We will need some lemmas to prove the main result later on. The first is a simple result that states that vectors orthogonal to eigenvectors stay orthogonal when multiplied by $A$ .

Lemma: If $x$ is orthogonal to an eigenvector $v$ of a Hermitian matrix $A$ , then $Ax$ is orthogonal to $v$ as well.

Proof: Suppose that $\lambda$ is the eigenvalue associated to $v$ . Then $\left< Ax, v \right> = \left< x, Av \right> = \left< x, \lambda v \right> = \overline{\lambda} \left< x, v \right> = 0$ . So $\left< Ax, v \right> = 0$ , which means that $Ax$ and $v$ are orthogonal. $\square$

The second lemma is about the behavior of matrices with orthogonal rows.

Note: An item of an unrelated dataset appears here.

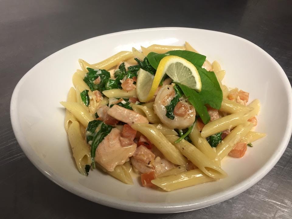 Penne pasta with shrimp, spinach & grape tomato in a pesto cream sauce.

Lemma: Let $U \in \mathbb{C}^{m \times n}$ be a matrix with $m \leq n$ orthonormal rows $u_1, u_2, ..., u_m$ , and $S$ be the space spanned by these vectors. Then

$U U^* = I_m$
$U^* U v = v$ for all $v \in S$

Proof: Interpret the vectors $u_1, u_2, ..., u_m$ as column vectors. Then the element at $i, j$ of $U U^*$ is $u_i^\top \overline{u_j} = \left< u_i, u_j \right>$ . By the orthonormality of $u_1, u_2, ..., u_n$ it follows that this expression is $1$ when $i = j$ (that is, the element is on the diagonal), and $0$ otherwise. So $UU^*$ equals $I_m$ , the identity matrix of size $m \times m$ .

For the second result, assume that $v \in S$ . Then $v$ is a linear combination of the rows in $U$ , or, equivalently, a linear combination of the columns of $U^*$ . So we can write $v = U^* w$ for some $w \in \mathbb{C}^m$ . Then, using the first part of the lemma, we have:
$U^* U v = U^* U U^* w = U^* I_m w = U^* w = v$

$\square$

With these results we are finally ready to prove the existence of an orthogonal basis of eigenvectors.

Theorem: A Hermitian matrix $A \in \mathbb{C}^{n \times n}$ has $n$ orthogonal eigenvectors.

Proof: We use induction on the number of eigenvalues of $A \in \mathbb{C}^{n \times n}$ . The characteristic equation $\det(A - \lambda I) = 0$ is a complex polynomial equation of order $n$ , and has a solution in $\lambda$ . That implies that for this $\lambda$ , $A - \lambda$ is singular, so there exists a $v$ such that $(A - \lambda I)v = 0$ . This implies that $Av = \lambda v$ , so we have a set of one eigenvector $v$ , which is orthogonal. This proves the base case.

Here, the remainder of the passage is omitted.